Steve McKnight's strategies are great if you are willing to put the time into his type of investing. Fitzgerald's approach suits me a lot better as I'm too busy working to put too much time into property investing. Most one bedroom apartments are definitely not growth based investments.
Since you quoted me I thought I would reply – firstly thanks for the kind words about my book – the new edition is selling very well.
I am happy to invest in 1 bedroom apartments as long as they are of a reasonable size – 50 sq mts or more and are in a top location. There's a huge tenant market out there looking for them and more are being bought by 1st home buyers (if they are in a good location).
I don't know why your friend's apartment didn't go up – it was either in a poor location or he paid too much.
I bought a whole block of 14 of them – settled in Feb 2007 – they are in the inner eastern Melbourne suburb of Glen Iris and have gone up 15% in value since I bought them (less than a year ago.)
But as I renovated the block inside and out and added courtyards to 5 of the apartments the value of this investment has gone up close to 30%.
Now if you think about it – that's about 100% on my money as I put in a 30% deposit.
I'm not telling you this to boast, but to illustrate some sound investment principals.
1. Time your purchase well. 2. Buy in an area which has a long history of strong capital growth. 3. Buy properties to which you can add value. and sorrry to say it… 4. Cash flow is of minor significance – if you can make this type of capital growth
Considering the large amount of money usually involved in commercial properties and the fact that you don't know what goes into a commercial lease, may I suggest you get a soicitor to draft the lease – even if you manage the property yourself.
Commercial properties are valued very differently to residential proeperties and this takes into account the yield, the strength of the tenant and the security of the lease. – Don't skimp on the lease.
I am still interested in other people's experiences with their local councils, especially in the inner suburbs or coastal areas.
vicgirl
vicgirl
What you are asking is important to know.
There are some council's that are more anti development such as Boorandara and Bayside, that we know means a longer time to achieve a development approval. This longer holding time means more holding costs – interest – and should be allowed for
Your input is always valued. However, I'm interested on what basis you would suggest that property values are languishing in Maroondah and Knox. Seems to be contrary to recent statistical and anecdotal evidence.
Sincere Regards – Ben
Ben
I did not mention any specific municipality, but I do know that many inner Melbourne suburbs have exhibited 20%+ growth in the last year while most middle and outer suburbs have only had 9% or so growth.
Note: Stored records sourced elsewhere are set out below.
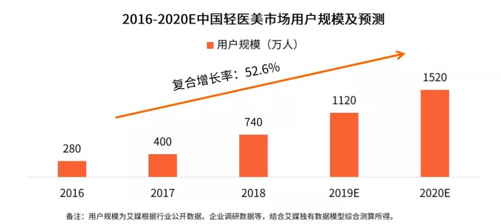 近日,艾媒咨詢《中國輕醫(yī)美消費(fèi)趨勢研究報告》最新數(shù)據(jù)顯示,2019年中國輕醫(yī)美市場用戶規(guī)模將達(dá)到1120萬人,而2016年~2020年,中國輕醫(yī)美用戶數(shù)復(fù)合增長率高達(dá)52.6%,遠(yuǎn)超醫(yī)美行業(yè)整體的增長率(中國醫(yī)美市場規(guī)模復(fù)合增長率約為40%)。可見,中國輕醫(yī)美消費(fèi)正在強(qiáng)勢崛起。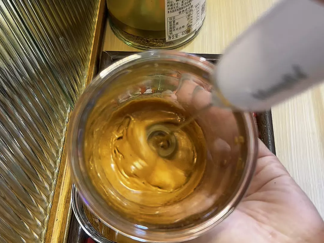 这是一则网红400次咖啡的美食教程,展示用7块9的搅拌棒,搭配咖啡粉、55度温水制作不加糖版400次咖啡,能打出可倒扣挂壁的泡沫,成品口感佳,呼吁大家尝试。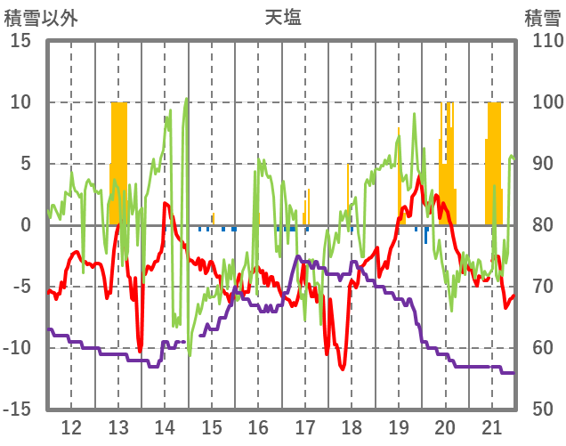 | 日 | 時 | 気温 | 降水 | 風向/風速 | 日照 | 積雪 | 降雪 |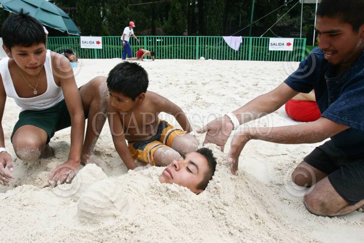 MÉXICO, D.F., 07ABRIL2009.- Decenas de niños y jóvenes se divierten en las playas artificiales ubicadas en diferentes lugares de la ciudad de México como la Casa Popular de la delegación Magdalena Contreras. Se espera que la asistencia a estas playas sea de hasta cinco mil personas el próximo fin de semana. FOTO: ISAAC ESQUIVEL/CUARTOSCURO.COM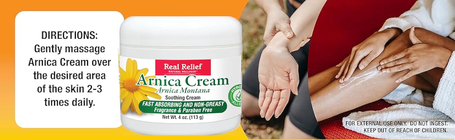 Actually works!. I have fibromyalgia & rub real relief arnica cream on my achey muscles plus my hands from holding book phone or tying too much. This cream works anywhere anytime! It has no smell and is not sticky I have been a user for 3 years and hope they never change it for it works!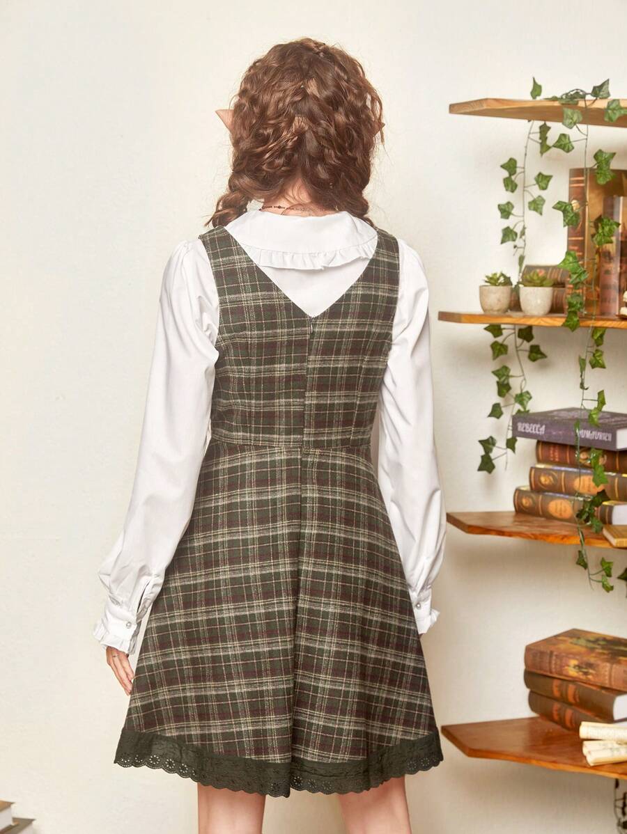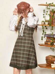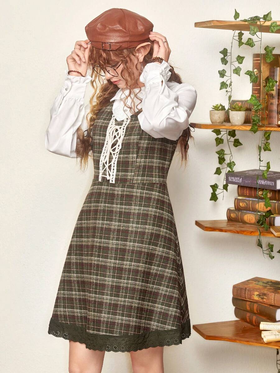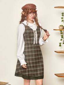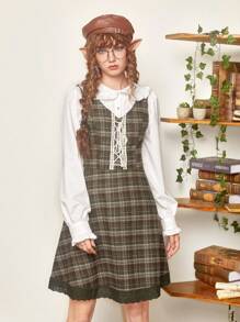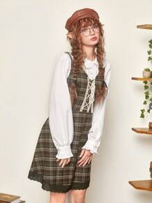 Fairycore Vestido con estampado de cuadros con cordón delantero

Other outer suburbs have had little growth.
Our experience from doing feasibility studies in many Melbourne suburbs is that projects stack up much better in areas where prices are higher.
There's more flexibility with end values as opposed to some of the less affluent suburbs where prices are capped.
So one of the least importnat criteria we look at when looking for a potential development site is which council is it in. We only look at this to see what their development policy is and how that impacts the potential site.
Probably a more importnat question is …..in which municipalities are you likley to make a good development profit.
Sure some councils are more difficult to deal with, but this usually means once you have a development approval your property is worth considerably more as you have added even more value by taking away the development risk.
With building costs being much the same across Melbourne, I would concentrate on the more affluent suburbs where property values are increasing and markets are strong rather than the outer suburbs where prices are languishing.
Parts of the Brisbane market are booming, but the stats won't reflect it yet – but our Brisbane office has noticed a huge surge in demand for owner occupiers and investors and good properties are selling within days of being put on the market and receiving multiple offer.
Brisbane has definitely shown good long term growth -in fact its been the best long-term performer in real estate among Australia’s capital cities.
Since 1970 (when you could buy a median price house for $8,500) it has averaged 11% growth each year.
This means over the past 35 years Brisbane prices have doubled every 6 years or so.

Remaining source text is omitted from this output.